If you follow the link he provides to himself, then follow that link to it's cite, then follow that link to the source he's trying to cite you'll see they actually updated their numbers and now show nuclear as behind wind and solar (though obviously still far ahead of gas and especially coal):

https://ourworldindata.org/safest-sources-of-energy

I'm not even sure they ever had solar and wind, around that time it was fashionable to say "nuclear is safer than any other power source" and link to studies that didn't even include renewables. edit, actually confirmed this as the intermediate blog still has the old table screenshoted which shows nuclear in the lead, but only against coal oil gas etc, no renewables other than biomass (some of which is good and some of which is bad, it's a wide category).

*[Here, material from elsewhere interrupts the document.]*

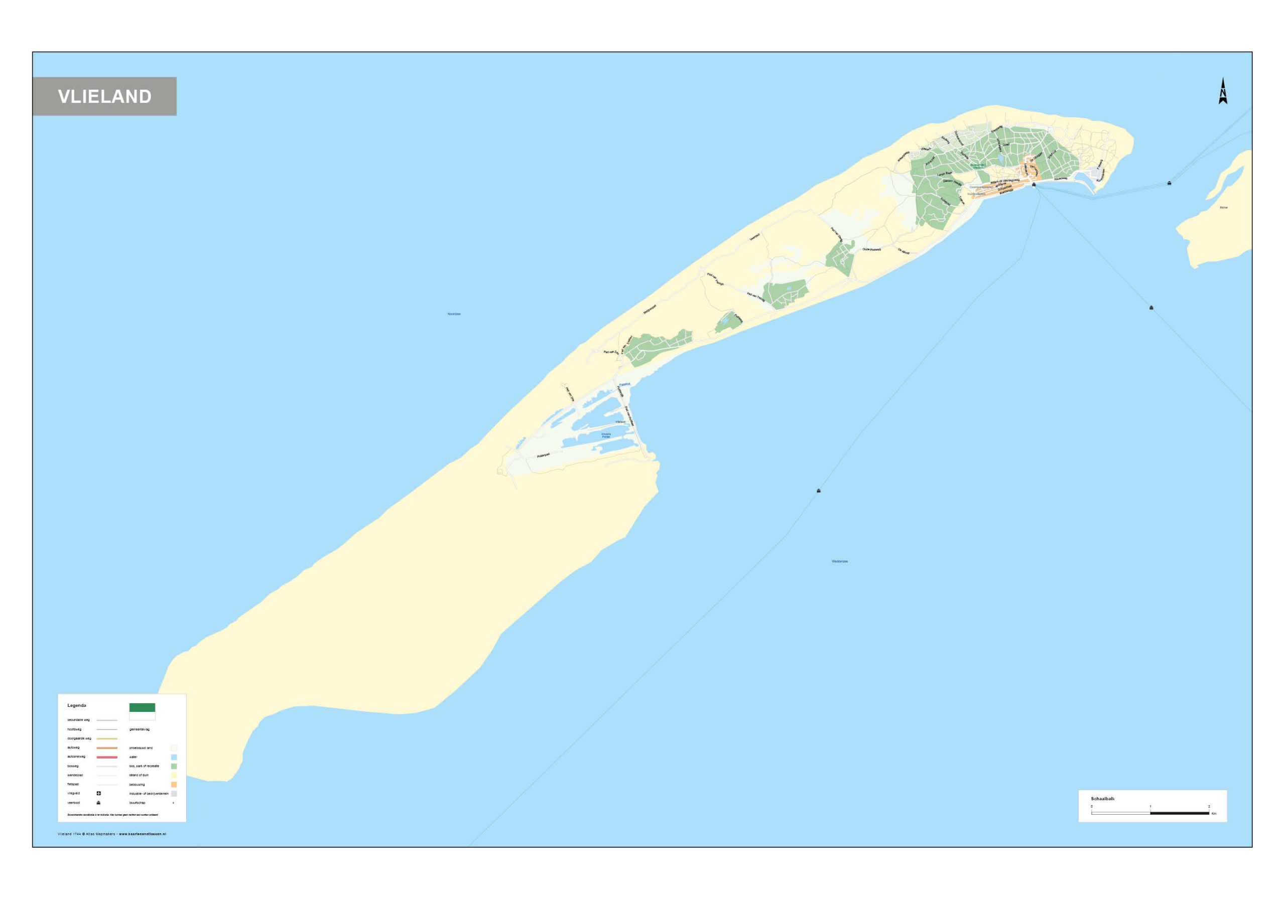 Zeer gedetailleerde Waddeneiland-kaart met alle wegen en fiets- en wandelpaden. Met plaats- en straatnamen. Door de kleuren is het grondgebruik duidelijk, zoals bos, park of recreatie, strand of duin en bebouwing. Met leuke extra’s zoals de vlag van het eiland en de veerverbindingen. Er zijn ook kaarten van Texel, Terschelling, Ameland en Schiermonnikoog.

But regardless of that, there were a few studies calculated around 2012 that showed solar and wind as slightly worse than nuclear per TWh as they hadn't scaled up and been producing for as long and the deaths are generally front loaded, while the generation is constantly growing and the stat naturally biases against new tech that has a construction phase before generation starts.

KptMarchewa|4 years ago

Deaths due to nuclear and renewables are both negligible. There's no point in discussing it where there are common sources causing few orders of magnitude more.

belorn|4 years ago

It would be interesting to know if the difference in deaths between solar, wind and nuclear is from how the mining of rare earth minerals differs from mining of uranium. Is it because of the quantity, the different countries where the mining occur and related safety regulations, or something else?

But regardless of how we cut it, if we include hydro with renewables then nuclear is safer. Arguably hydro has one of the highest rate of human life per produced unit of energy, depending on how one want to account for deaths caused by failing dams (intentionally and unintentionally). If we only look at accidents and compared chernobyl in 1986 with Banqiao in 1975, chernobyl had around 100 deaths and 68,000 people displaced. Banqiao had 26,000 deaths and millions of people displaced. If we include later deaths caused by illnesses such as cancer, chernobyl is estimated to have about 4,000 deaths while Banqiao is attributed to about 145,000 deahts.

It is simply a fact that elevated 492 million m3 of water has a massive amount of destructive power, and is to a degree harder to make safe than a fission reaction.

iwjfbnfirk|4 years ago

The article mentioned “nuclear power kills fewer people per electricity produced than any other energy source” which matches the data from the link you posted.

Nuclear accounts for 4% energy at 0.07 deaths, while solar and wind are at 2% 0.04 deaths and 1% 0.02 deaths respectively.